Just as molecules are often made up of many different atoms in various combinations to produce materials with unique and valuable qualities, what makes reputation models so powerful is that they aggregate reputation statements from many sources and often statements of different types. Instead of concerning ourselves with valence and Van der Waals forces, in reputation models we bind the atomic units-the reputation statements-together with messages and processes.
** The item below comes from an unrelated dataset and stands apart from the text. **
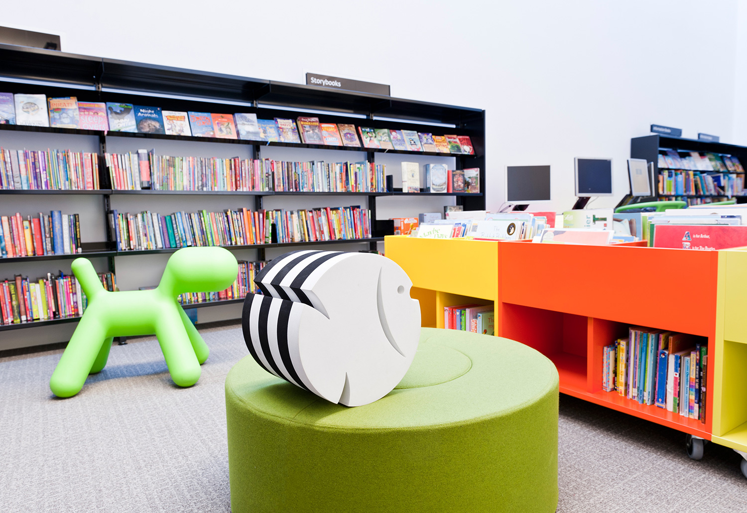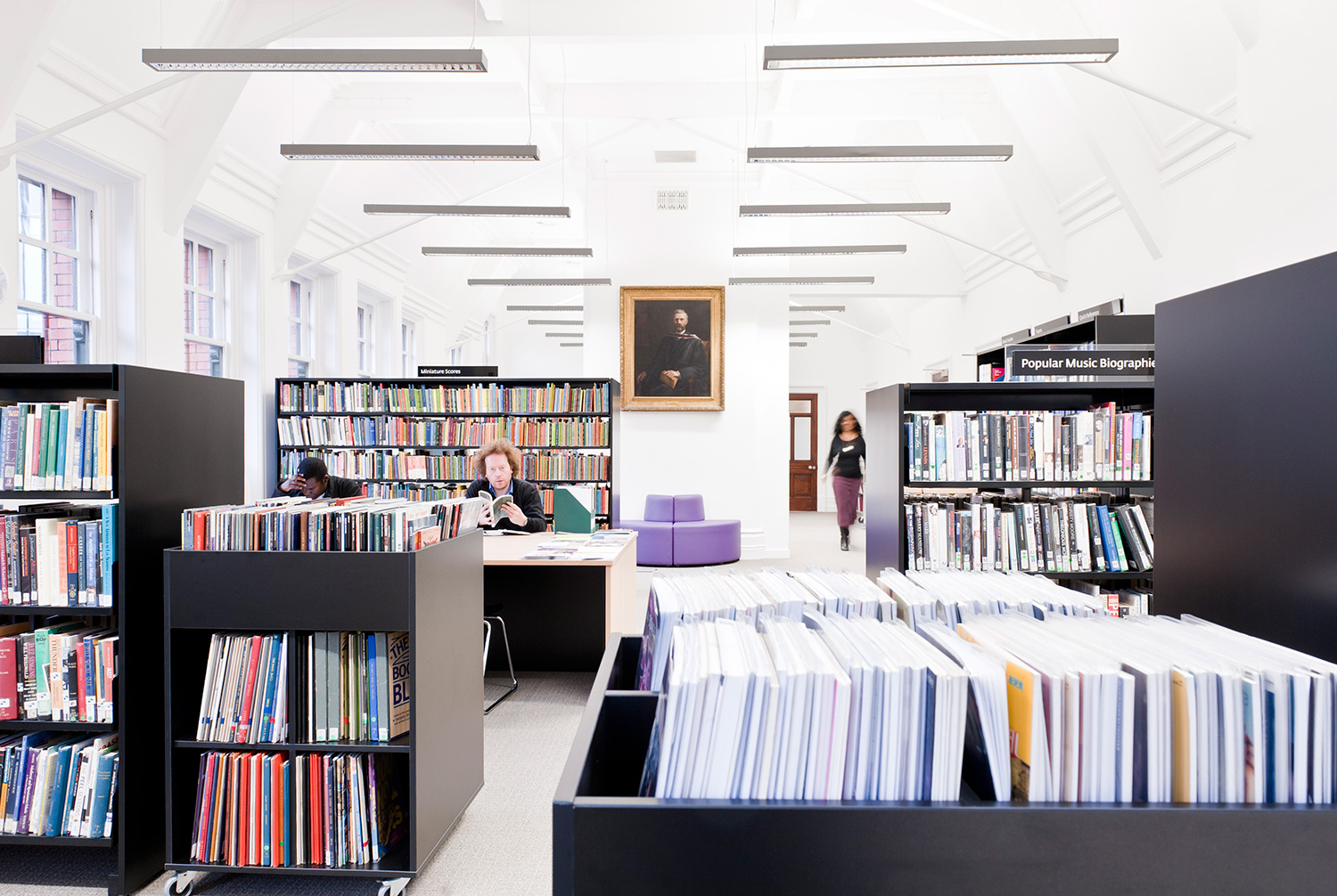 The library is equipped with Classic Steel Shelving System and specially made key pieces of furniture, designed to highlight the current quick pick furniture. The library share the same basic concept as Longsight, Beswick and Brookland, but the unique colour themes and a couple of characteristics details give the library its own identity.

In the simple reputation model presented in Figure_2-3 messages are represented by arrows and flow in the direction indicated. The boxes are the processes and contain descriptions of the processes that interpret the activating message to update a reputation statement and/or send one more messages on to other processes. As in chemistry, the entire process is simultaneous-messages may come in at any time, and multiple messages may take different paths through a complex reputation model at the same time.

As we proceed, people often become confused about the limited the scope of reputation, and where to draw the lines between multiple reputations, so we need a few definitions:

Reputation Model
- A reputation model describes all of the reputation statements, events, and processes for a particular context. Usually, a model focuses on a single type of reputable entity.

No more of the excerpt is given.